Network driver error when recompiling the kernel on JetPack 6.2

Hello,

I tried to rebuild the kernel to enable additional modules.
(vhost, vhost_net, vhost_vsock, xfrm_user).

After finishing the build and installation, I rebooted into the new kernel,
but the network interface did not work.

I found that the original kernel was using the r8168 module,
but the new kernel had no network driver loaded.

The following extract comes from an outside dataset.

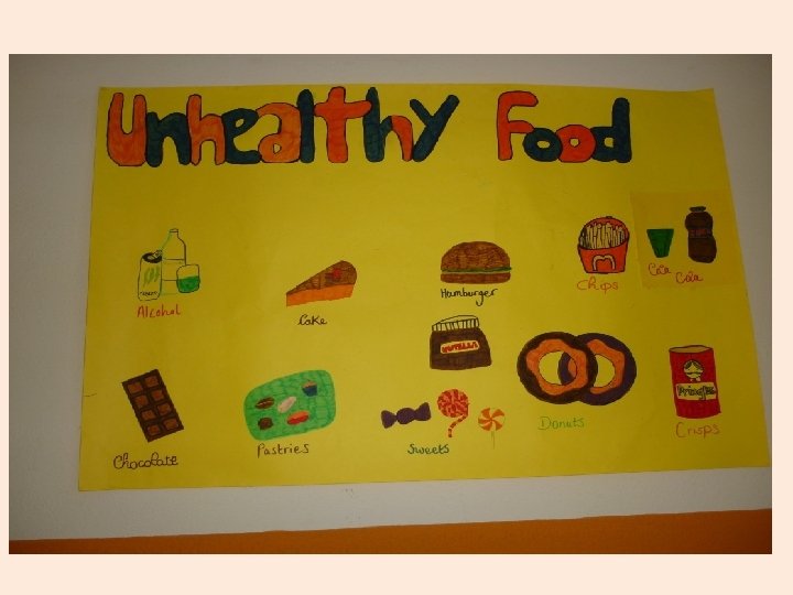 During the week of healthy food…. Students developed the idea to create a poster, working closely with the technology teacher. The poster was concerned with detailing healthy food as well as highlighting food that we should avoid. The students attempted to involve their familes in encouraging them to eat healthy food. At the end of the week they compared their experiences.

Upon checking the kernel configuration,
I discovered that Realtek 8169/8168/8101/8125 Ethernet support was disabled by default.

After enabling that option, rebuilding, installing, and rebooting, the network interface worked properly. r8169 module is automatically loaded.

What is the root cause of this issue?
Are the downloaded BSP sources not exactly the same as the original ones?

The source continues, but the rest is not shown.